▶ **PROBLEM STATEMENT**: Pictures are not part of the copy; reproduce the remaining data exactly.

[[ PROVIDED DATA open ]]

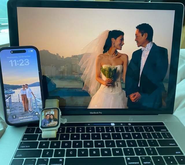 曝光的画面中,李嘉欣将常用的三样网络工具聚在一起,每一种工具的页面上都有她和许晋亨的亲密合照,尤其是电脑上的那张结婚照,想来应该有14年的时间。两人柔情对视的模样,真的让人羡慕。
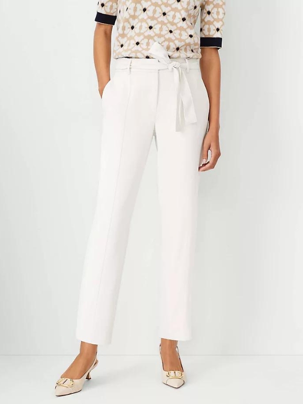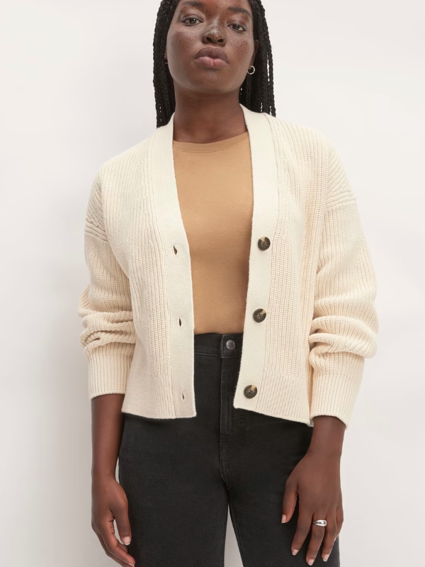 When you can stand out, why blend in? This is the recipe for a fashionable and relaxing outfit: A ribbed ivory cardigan with clean, ankle-length cream slacks, unbuttoned carelessly to show off a touch of the soft shirt below. It’s the go-getter’s uniform of today.
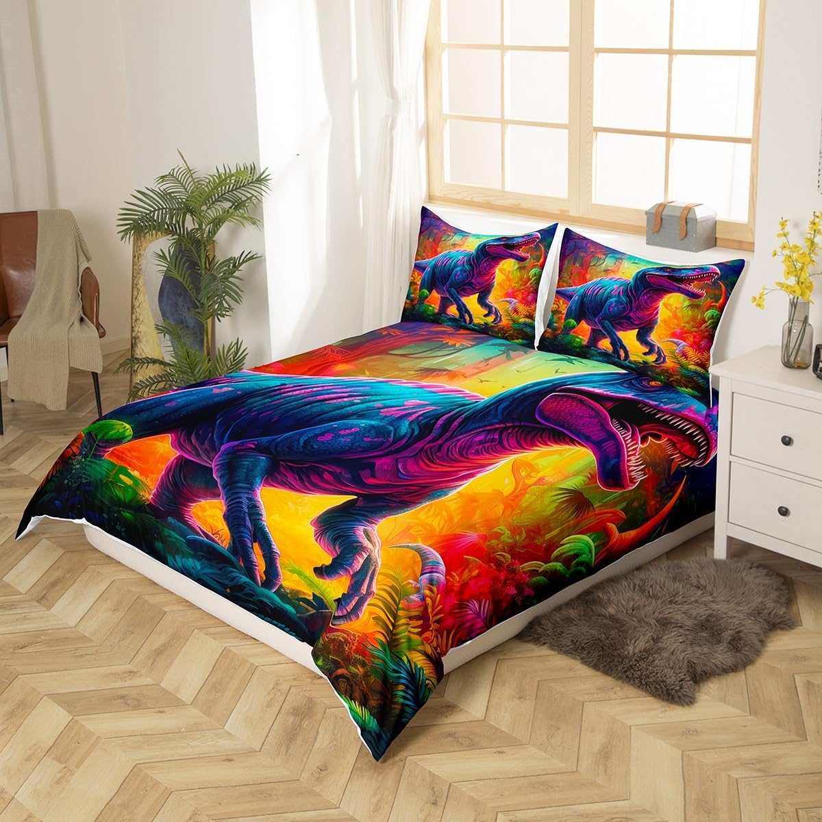 Erosebridal Toddler Dinosaur Bedding Set Twin Watercolor Dino Comforter Cover for Boys Girls, Tyrannosaurus Rex Bed Set Rainbow Jungle Duvet Cover, Wild Animal Quilt Cover Microfiber 2pcs
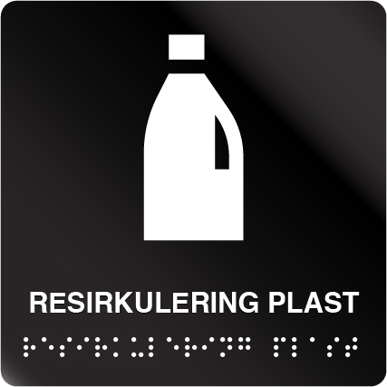 Sørg for tydelig merking av resirkuleringspunkter med vårt taktile skilt for plast. Dette skiltet kombinerer ikonisk design med praktisk funksjonalitet, og er tilgjengelig i både braille- og ikke-braille-variant. Med sitt opphevede symbol og sorte aluminiumsoverflate oppfyller det kravene til universell utforming og sikrer enkel orientering for alle brukere.
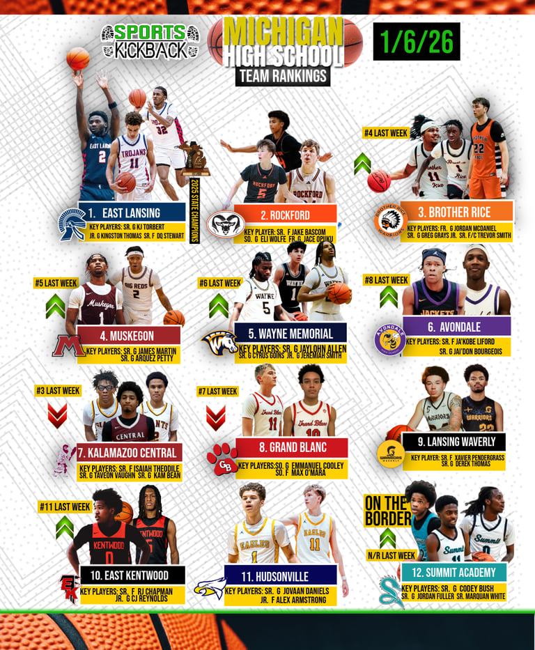 This week’s rankings highlight the parity across Michigan high school basketball. While East Lansing continues to set the pace, movement throughout the middle of the rankings shows how thin the margin is between contenders. With showcase season in full swing and conference play intensifying, expect more shakeups in the weeks ahead.
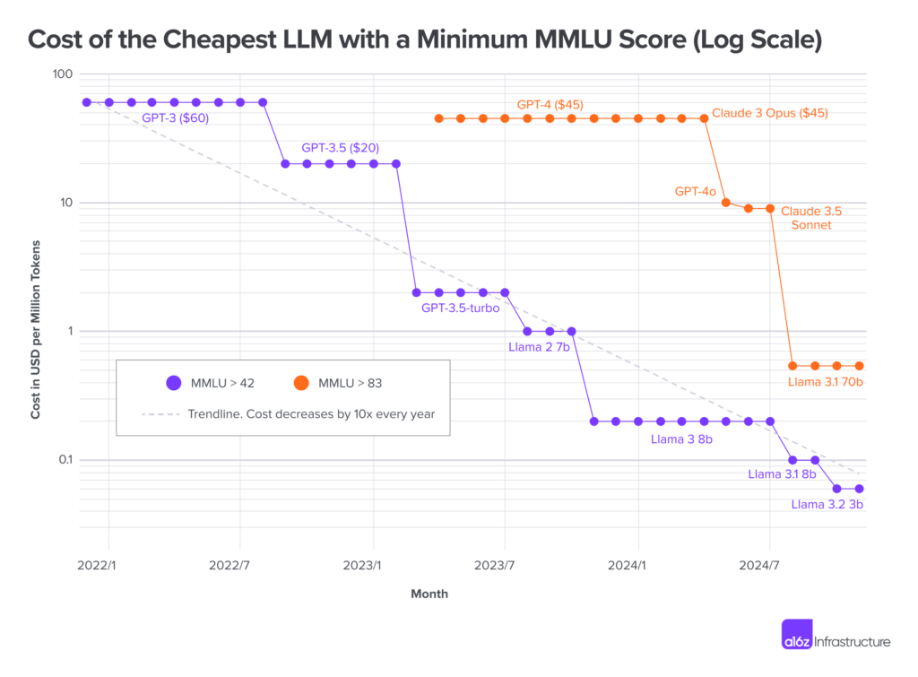 Cost of intelligence dropping exponentially: As AI capabilities improve while costs plummet, an AI-native company can capture exponentially growing efficiency gains. Once the company is architected correctly, the AI readiness poises the business to take full advantages as it gets 10x better next year.

[[ PROVIDED DATA closed ]]

▶ **TASK OUTPUT**:
 曝光的画面中,李嘉欣将常用的三样网络工具聚在一起,每一种工具的页面上都有她和许晋亨的亲密合照,尤其是电脑上的那张结婚照,想来应该有14年的时间。两人柔情对视的模样,真的让人羡慕。
 When you can stand out, why blend in? This is the recipe for a fashionable and relaxing outfit: A ribbed ivory cardigan with clean, ankle-length cream slacks, unbuttoned carelessly to show off a touch of the soft shirt below. It’s the go-getter’s uniform of today.
 Erosebridal Toddler Dinosaur Bedding Set Twin Watercolor Dino Comforter Cover for Boys Girls, Tyrannosaurus Rex Bed Set Rainbow Jungle Duvet Cover, Wild Animal Quilt Cover Microfiber 2pcs
 Sørg for tydelig merking av resirkuleringspunkter med vårt taktile skilt for plast. Dette skiltet kombinerer ikonisk design med praktisk funksjonalitet, og er tilgjengelig i både braille- og ikke-braille-variant. Med sitt opphevede symbol og sorte aluminiumsoverflate oppfyller det kravene til universell utforming og sikrer enkel orientering for alle brukere.
 This week’s rankings highlight the parity across Michigan high school basketball. While East Lansing continues to set the pace, movement throughout the middle of the rankings shows how thin the margin is between contenders. With showcase season in full swing and conference play intensifying, expect more shakeups in the weeks ahead.
 Cost of intelligence dropping exponentially: As AI capabilities improve while costs plummet, an AI-native company can capture exponentially growing efficiency gains. Once the company is architected correctly, the AI readiness poises the business to take full advantages as it gets 10x better next year.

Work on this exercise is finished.